Michael1 is joking, by the way.
I like the poster who said 'keeping a cool ahead and you're set (sic)'.
Yeah, it sounds like you're doing all right man. I mean, by your own admission it was when you 'tried for smooth' and instead of just typical that you got an atypical response, right? Maybe you did this because you felt that that was A MOMENT to try and be more suave. Or that you've not had many encounters like this before (no biggee and not as uncommon as you'd otherwise think).
I guess there are two ways of playing it. You can either try and brush it off. If you were doing it that way than I'd say maybe don't try TOO HARD to get her attention. If she's liking you then she'll figure it out. This may sound odd but in reality the LESS attention you give girls, or the more you make them wait, the more they try.
I agree with other posters saying that you should wait.

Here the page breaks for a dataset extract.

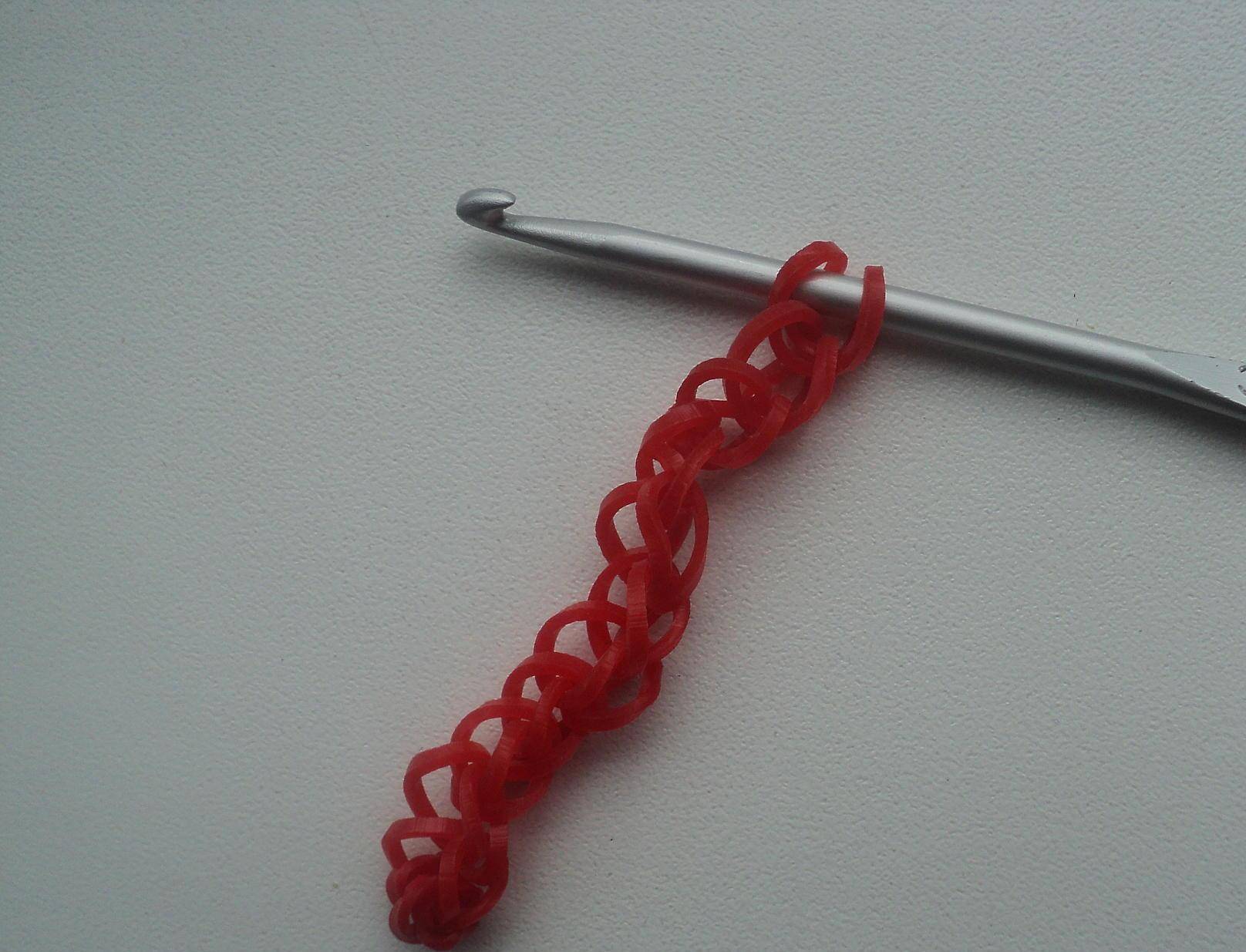 - Наберём цепочку из трёх пар резинок и заведём крючок в первую резинку. Сдвинем эту деталь, приближая к ручке крючка, и создаём ещё одну такую же деталь.

Don't respond in a greater amount unless you really feel its the RIGHT THING TO DO; otherwise more often than not, especially for something that's in a gray area or just starting out, you'll come off as more aggressive than what was otherwise the tone before.

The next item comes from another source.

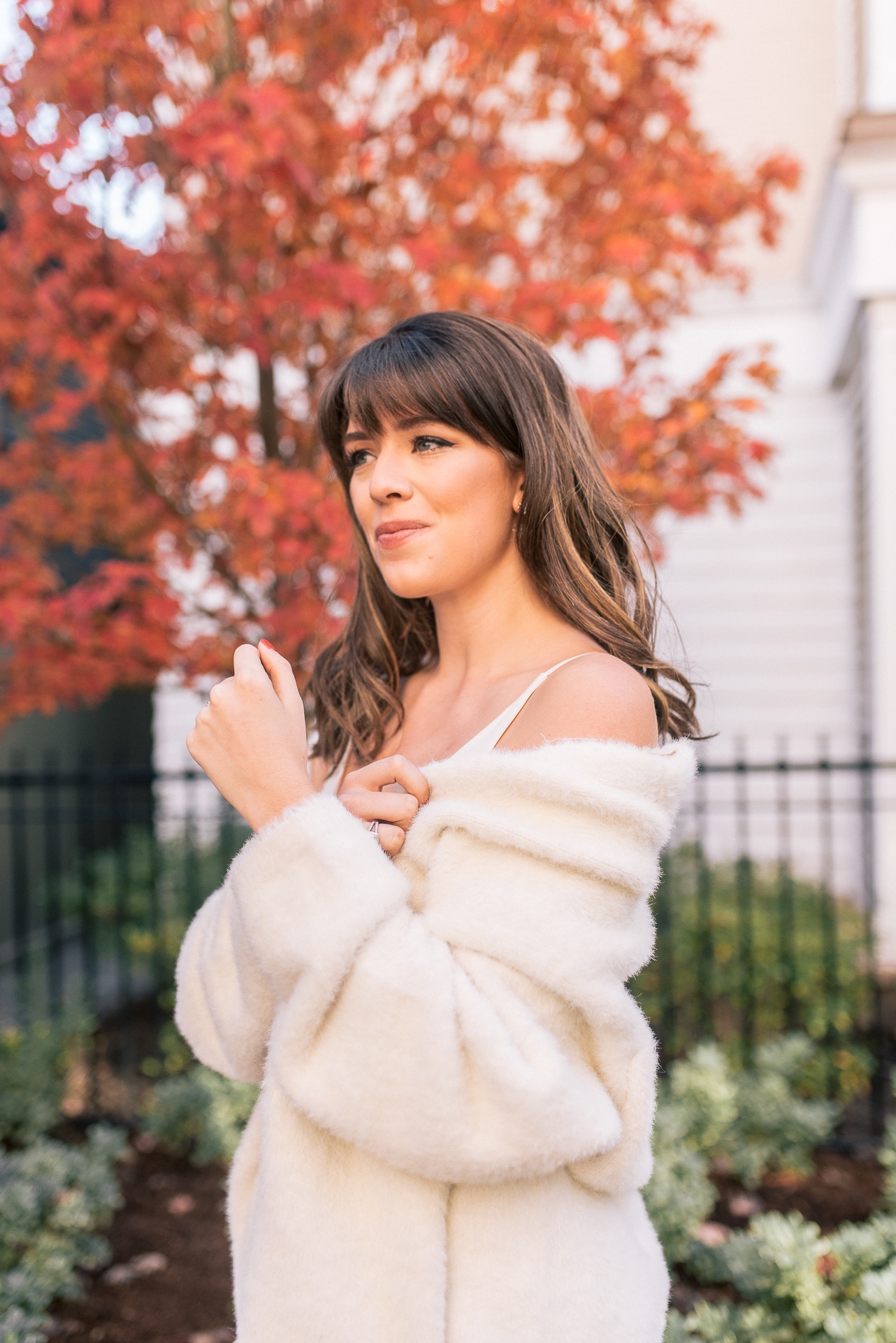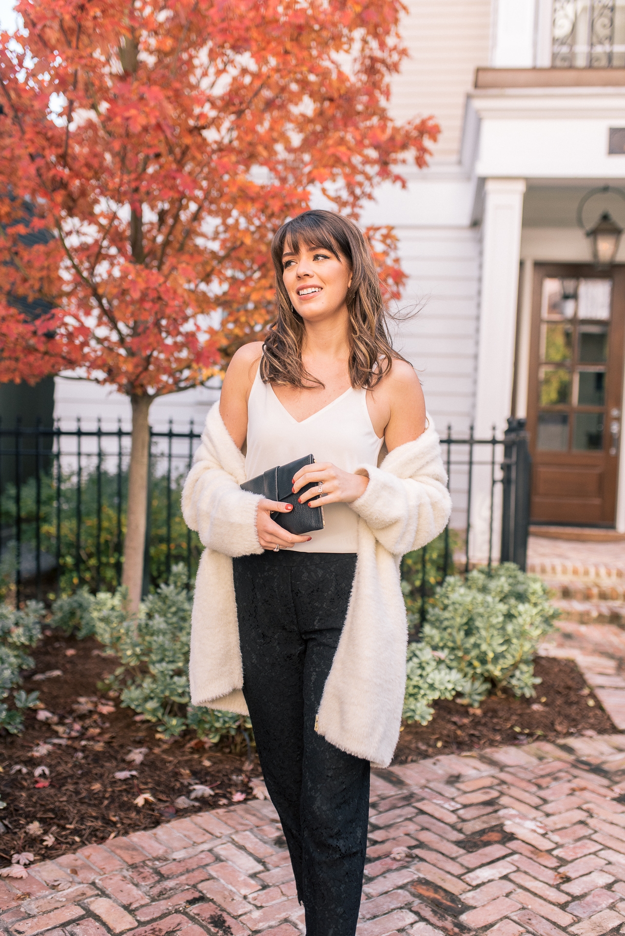 Before heading to eat way to much Thanksgiving food, I had to share this gorgeous cozy holiday look. 😉 I recently found this fuzzy cardigan the other day and knew I had to add it to my closet. It is extremely warm and the softest cardigan you will ever wear. To dress it up for the holidays, I styled it off the shoulders and paired it with a simple white tank, lace pants, and pink bow detailed shoes. The perfect outfit to wear to any holiday party or event this season. All these items are currently on sale and apart of Cyber Week. Grab them this week to take advantage of the low prices.

Otherwise, you can address the issue straight out. I would NOT apologize. That's something that makes you seem supplicating. You could just, for instance, thank her for her thoughtfulnss in checking in how you were. A compliment that could follow this might be that you felt it made some of your symptoms ease/made it easier for you overall.
Overall, sir, just remember that these things aren't ever straightforward for ANY of us. Gosling's character in that film 'Crazy Stupid Love' is an exaggeration on many fronts. But just remember there that once he develops more than attraction into actual feelings for the costar, he stumbles. Its because, film example aside, as much as guys are wanting to PURSUE, girls are more often than not flighty and unsure of themselves. It turns into a game, kind of.
For now, just do your coping strategies. Maybe google 'Social SA' Strats. You can rehearse how things go should your schedules not align. Maybe pursue some other females - just small things like reconnecting with a female friend via facebook or responding to a more romantic Craigslist ad - so as to take the pressure off this one chick... And that, finally, is probably the biggest thing that's going on here. You've had a lot of forward action by her and you're worried that because of your comment its all going to crash to a halt.
It won't. But at the same time you still can **** up, but if not now, you can take the time you'd of otherwise spent with her to work on yourself so that when this does arise again (attraction seldom loses its flame no matter the time elapsed) you're more versed with these dynamics/situations!
A little long. Let me know if I made any sense please =)!